With respect to the first ground, the record before Us does not show that Victoriana Carian had any unpaid debts. Indeed, no allegation to this effect was made in appellee’s petition of March 21, 1955, and no evidence has ever been taken in connection therewith, either before or after said petition was granted. However, said opposition to the motion for reconsideration cites the debts specified in the decision and in the compromise agreement in Civil Case No. 6936, and the sums of P1,200 and P2,000 allegedly due, respectively, to Eugenia Gargalicano and Crisostomo Abdin, from Victoriana Carian, at the time of her death on May 9, 1938.

It is important to note, in this connection, that the order appealed from was issued on April 2, 1955, or about seventeen (17) years later, and over eighteen (18) years since the rendition of the aforementioned decision. In the absence of proof to the contrary — and there is none to this effect — we must presume, therefore, that the cause of action of the creditors of Guillermo Nombre and Victoriana Carian had prescribed long ago. In fact, considering that none of those creditors has complained against the issuance of Transfer Certificate of Title No. T-9084, in favor of Gregorio Carian, in 1952, or deemed it fit to intervene in the present case, there is every reason to believe that their respective claims must have been fully settled. What is more, section 1 of Rule 74 of the Rules of Court explicity provides that "it shall be presumed that the decedent left no debts if no creditor files a petition for letters of administration within two (2) years after the death of the decedent," and no such petition has ever been filed. In any event, insofar as said transfer certificate of title may be injurious to their interest, said creditors, if any, are the only parties who could possibly seek a relief against the issuance thereof. Neither the register of deeds nor the heirs of Guillermo Nombre have a cause of action therefor.
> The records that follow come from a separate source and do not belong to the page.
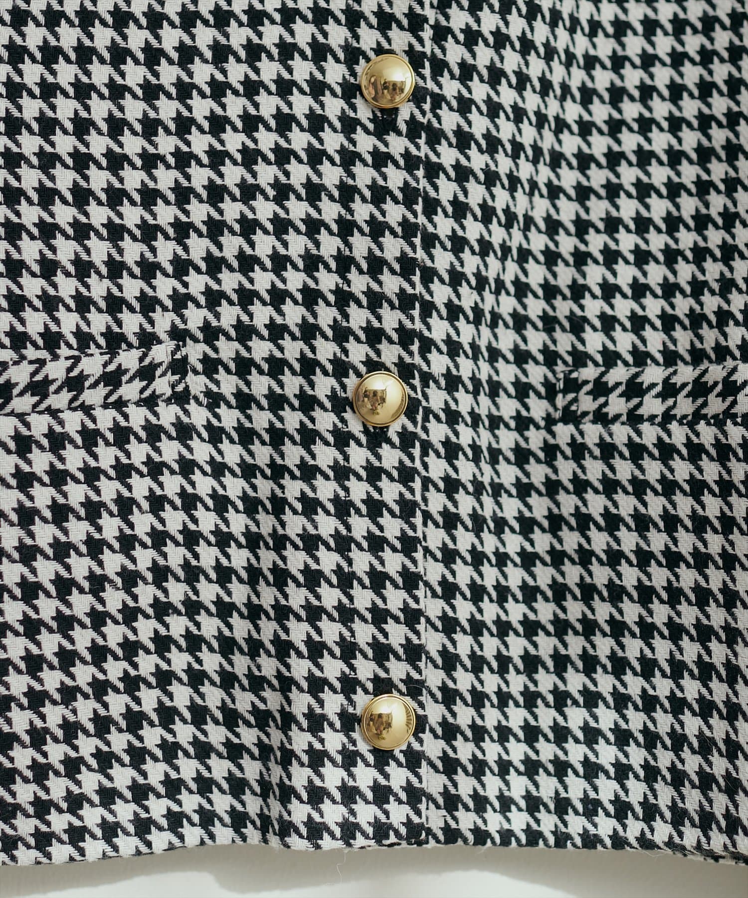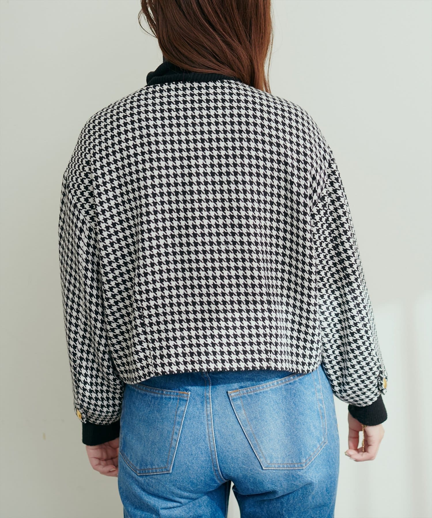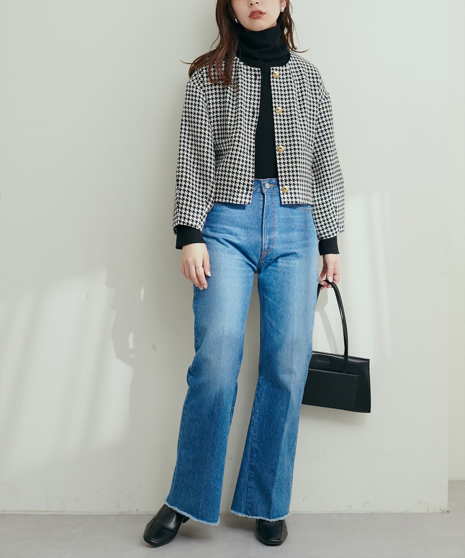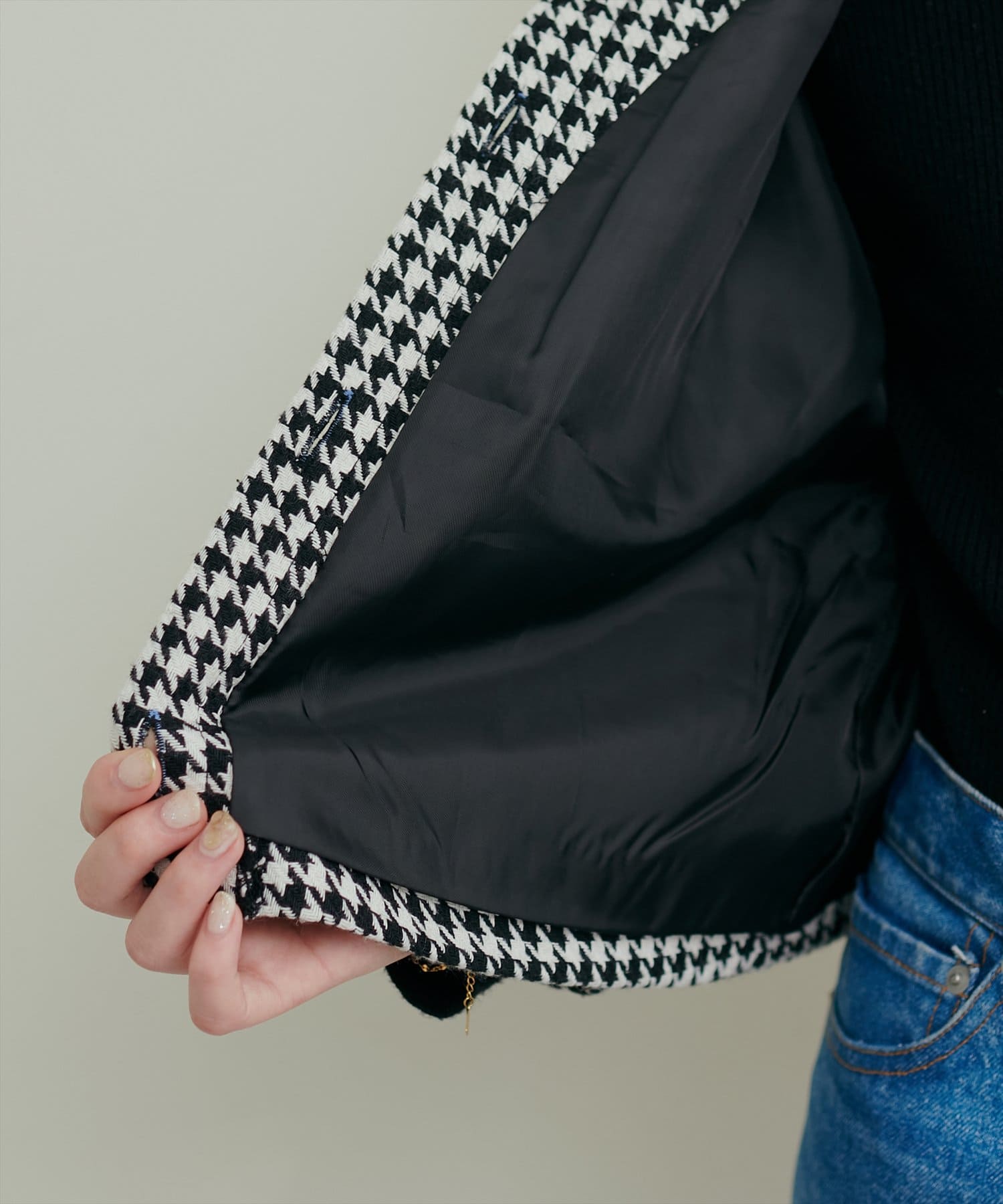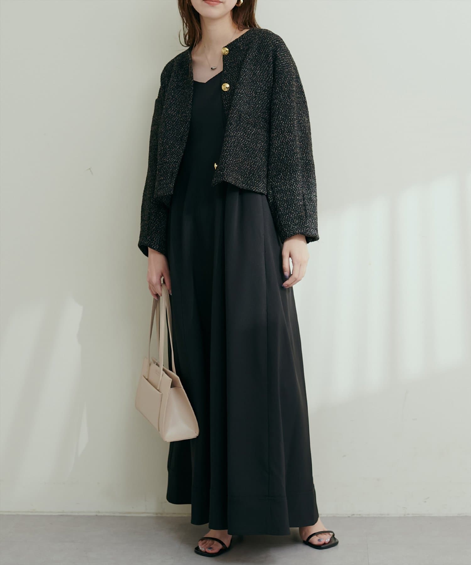 ノーカラーですっきり見えし、ショート丈でスタイルアップが叶う一枚です。
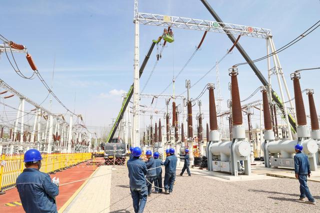 4月9日,在330千伏眉峴變電站,作業(yè)人員對(duì)站內(nèi)開關(guān)進(jìn)行更換,這是國網(wǎng)平?jīng)龉╇姽臼状巫灾鲗?shí)施變電站330千伏設(shè)備改造工程,標(biāo)志著全業(yè)務(wù)核心班組建設(shè)水平邁上新臺(tái)階、實(shí)現(xiàn)新突破。
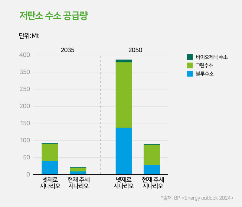 ‘현재 추세(Current Trajectory) 시나리오’에서도 수소 수요가 “점진적으로 증가”하며 “블루수소가 저탄소 수소 시장의 중심”이 될 가능성이 높습니다. “고비용으로 인해 그린수소에 대한 수요 증가속도는 더딜 것”으로 예측되지만, 풍력 & 태양광 발전의 대량 보급으로 인해 여분의 전력을 보관하기 위한 그린수소의 생산량은 증가할 것으로 예상됩니다.
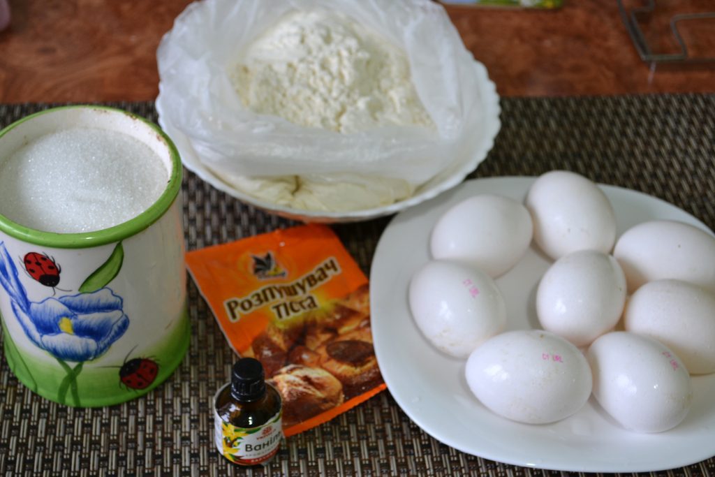 Шаг 1Для начала нам нужно подготовить продукты: яйца, сахар и муку, а также разрыхлитель и ваниль.
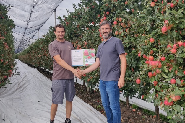Hans Goossens, Coördinator Nieuwe Fruitvariëteiten bij EFC (rechts), overhandigt de symbolische cheque van de hoofdprijs aan Florian Perathoner, KANZI®-teler in Zuid-Tirol (links)
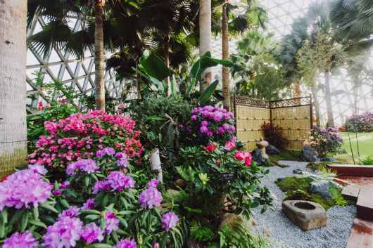 花展地点:一号门内广场、矿坑花园内、展览温室A馆、温室群共享空间的个体展馆、北美植物园内、华东区植物园内
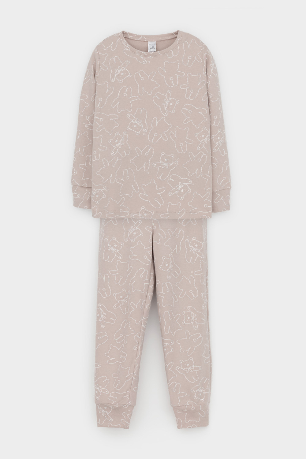 пижама для девочки К 1552/бежевый,мини плюшевые мишки
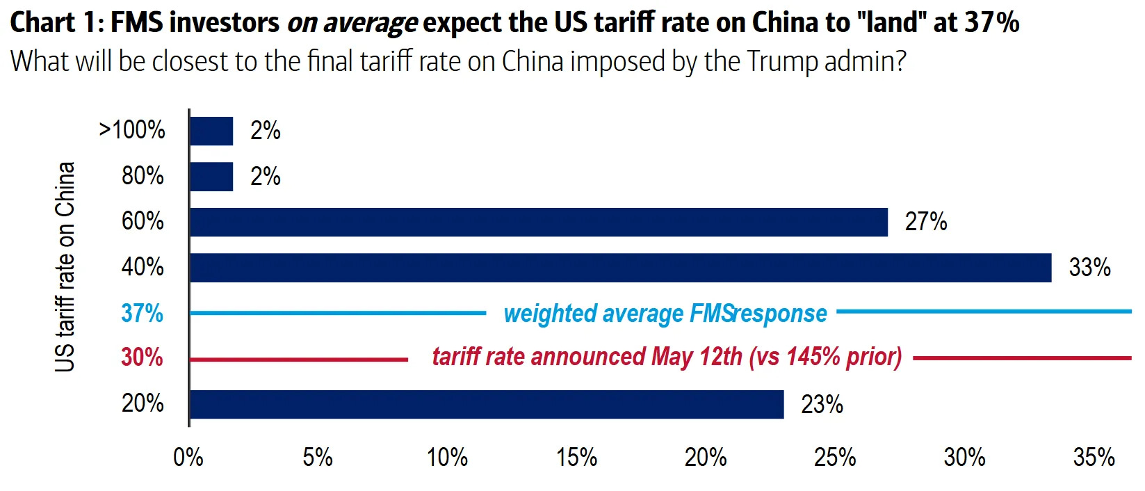 La maggioranza relativa degli investitori (33%) ipotizza tariffe intorno al 40%, con una media ponderata del 37%, ben lontana dagli estremi iniziali del 145% ventilati in passato.
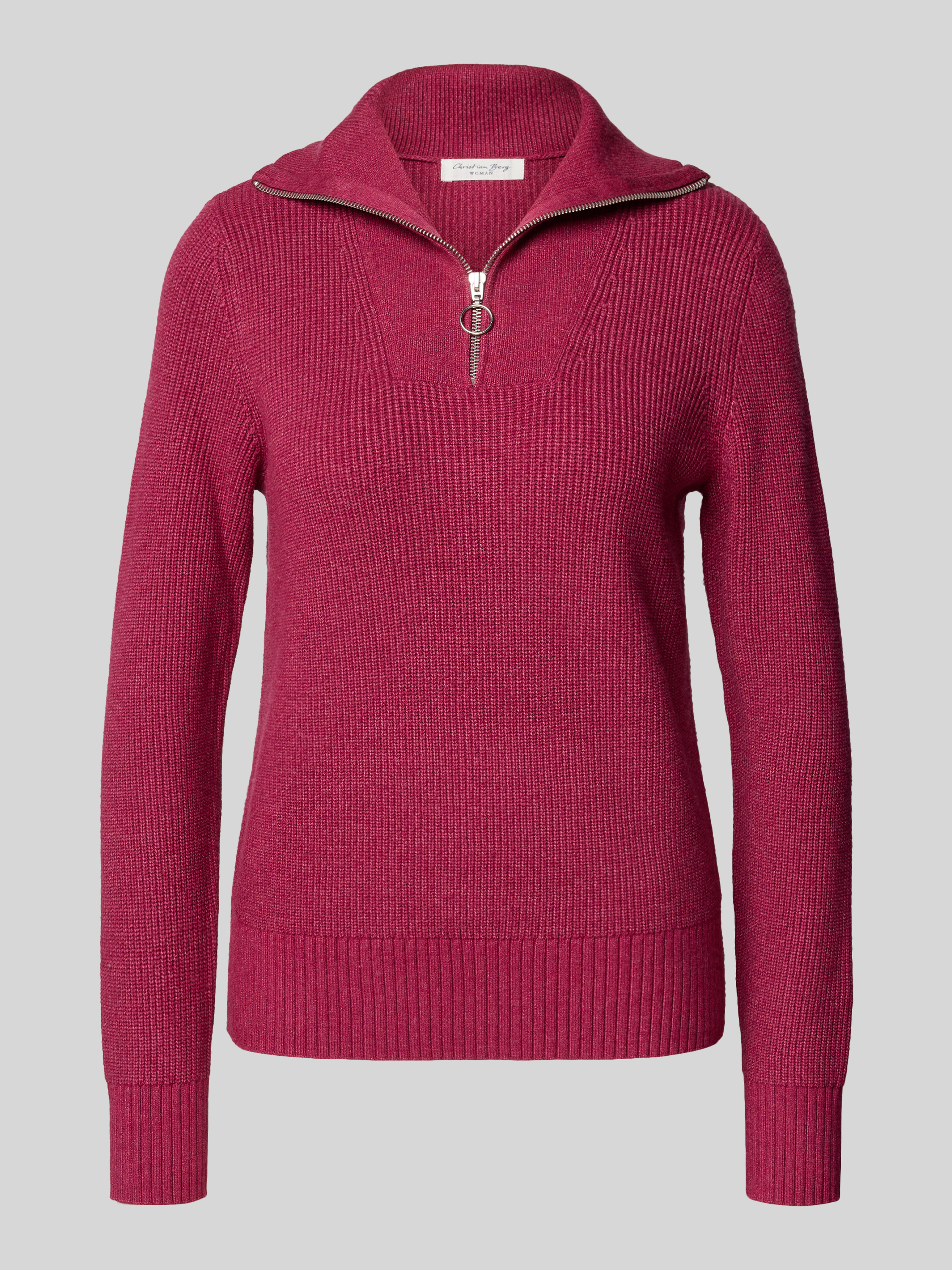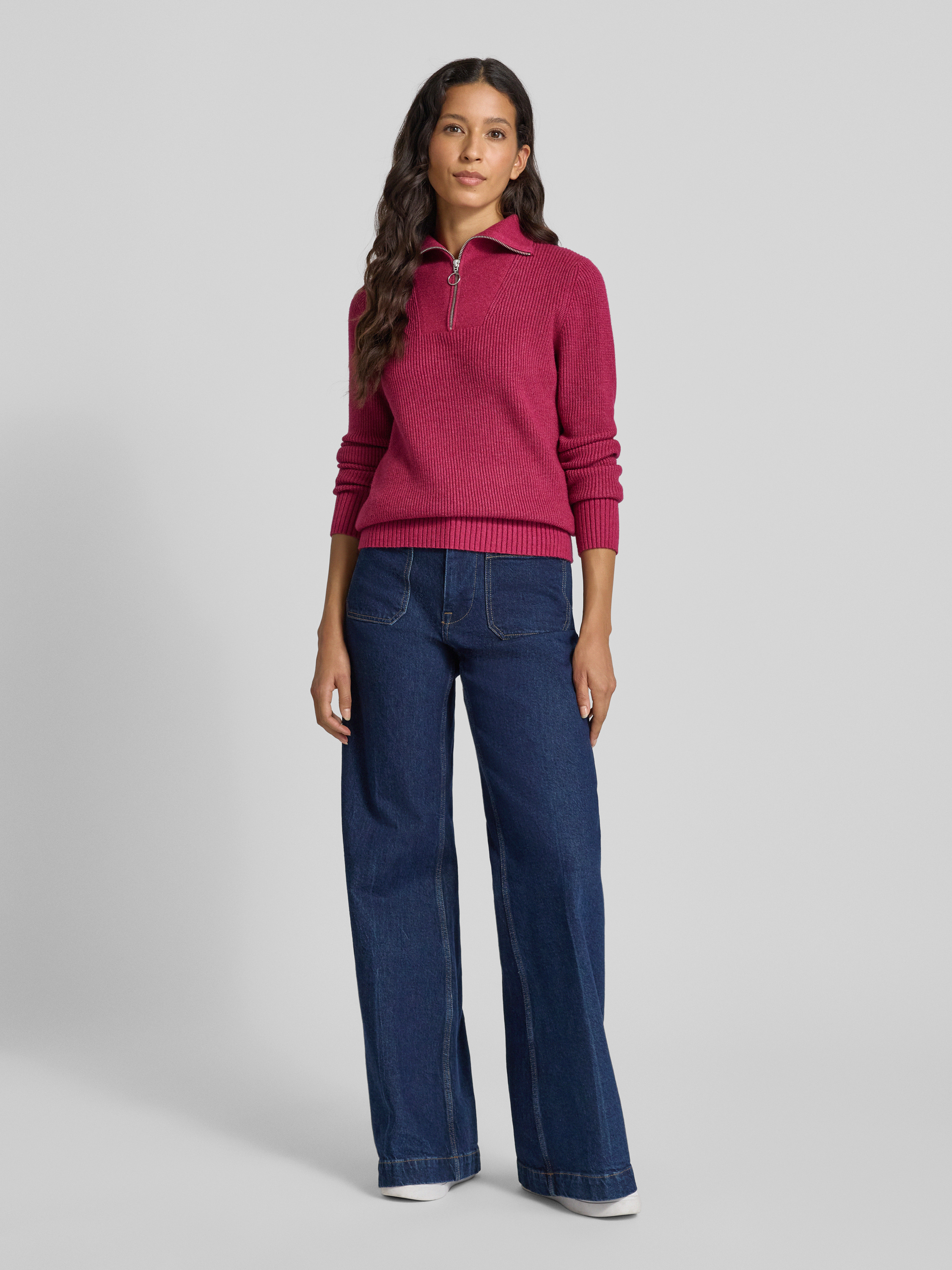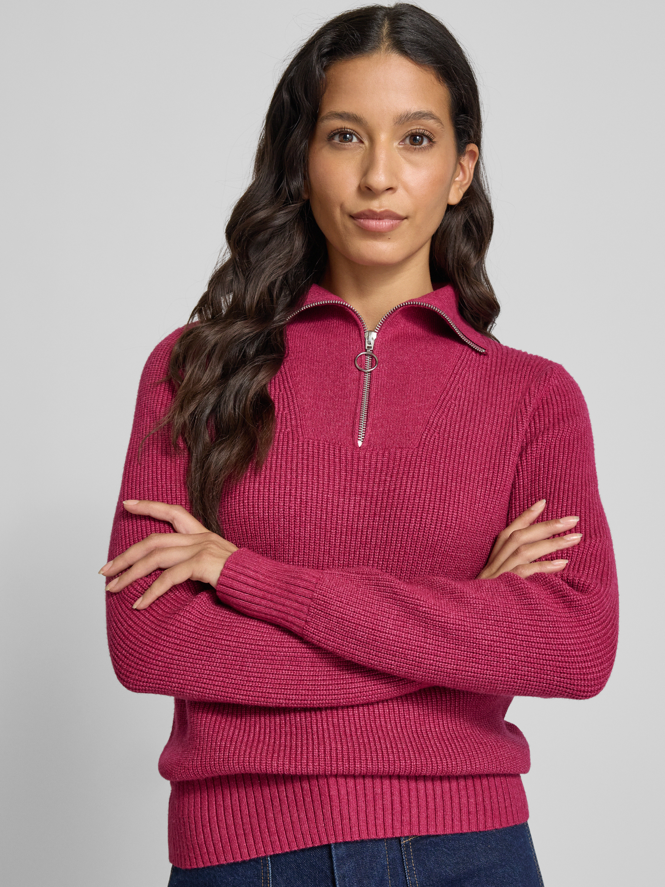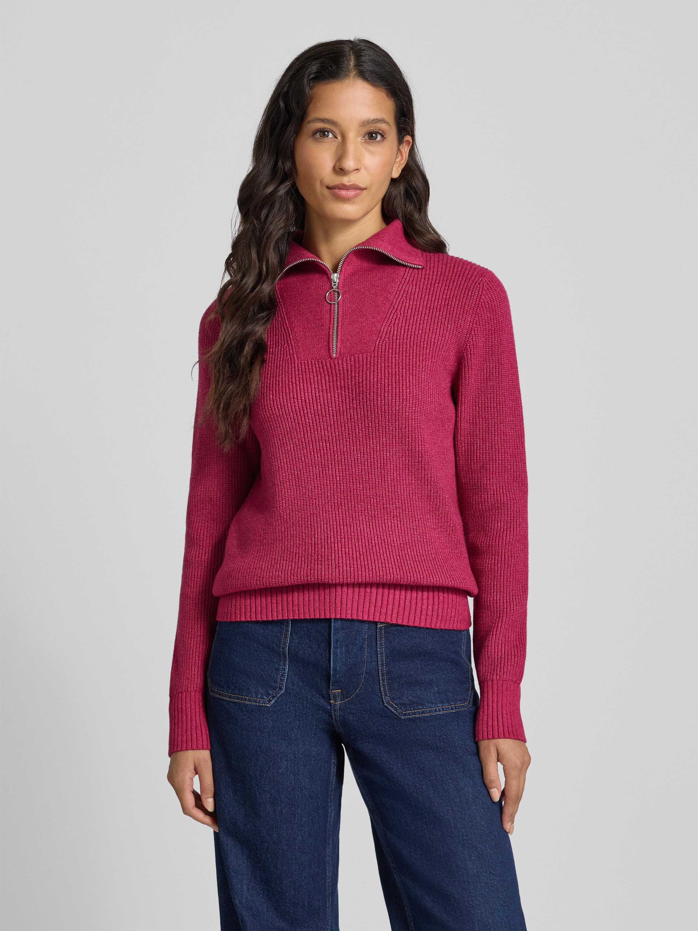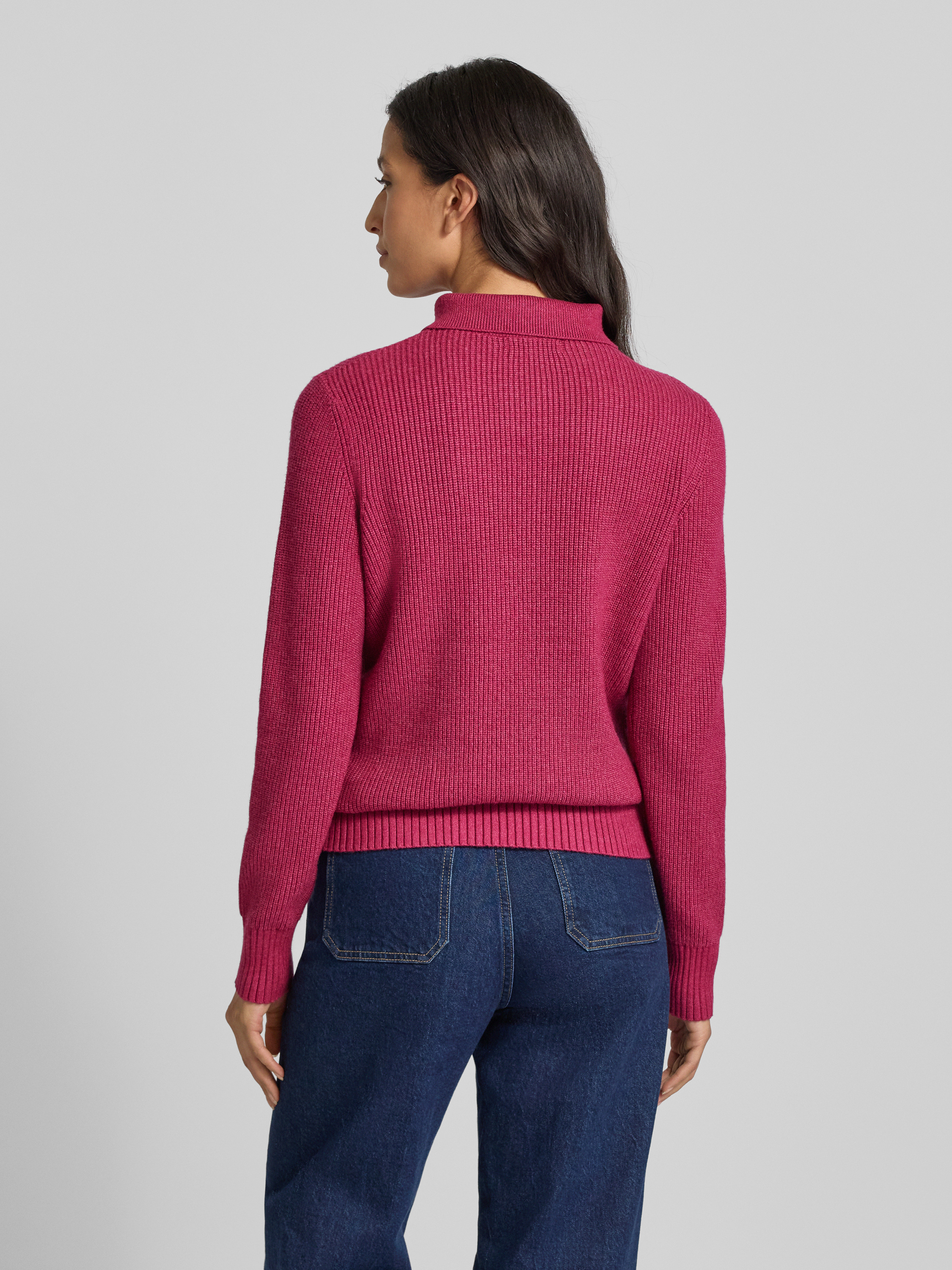 Sweter z dzianiny z kołnierzem - fuksjowy melanż

Moreover, it appears that, after the issuance of Transfer Certificate of Title No. T-9084, Lot No. 1516, covered by the same, had become the subject-matter of a deed of lease executed — presumably by Gregorio Carian — in favor of one Espiridion Presbitero and duly filed with the office of the register of deeds, as well as annotated on the back of said transfer certificate of title. The cancellation of this title would affect the rights of said lessee, who has not been heard, or given an opportunity to be heard, prior to the issuance of the order appealed from.

Apart from the foregoing, neither the appellee nor the lower court has cited, and we are not aware of, any legal provision or authority in favor of the theory that the decision in Civil Case No. 6936 can not be registered and cannot justify the cancellation of Original Certificate of Title No. 21625 (RO-1634) and the issuance of Transfer Certificate of Title No. T-9084, without previous confirmation by the cadastral court.

In view of the foregoing, the order appealed from should be, as it is hereby, set aside and reversed, without special pronouncement as to costs. It is so ordered.

Paras, C.J., Bengzon, Padilla, Montemayor, Reyes, A. Bautista Angelo, Labrador, Reyes, J. B. L., Endencia and Felix, JJ., concur.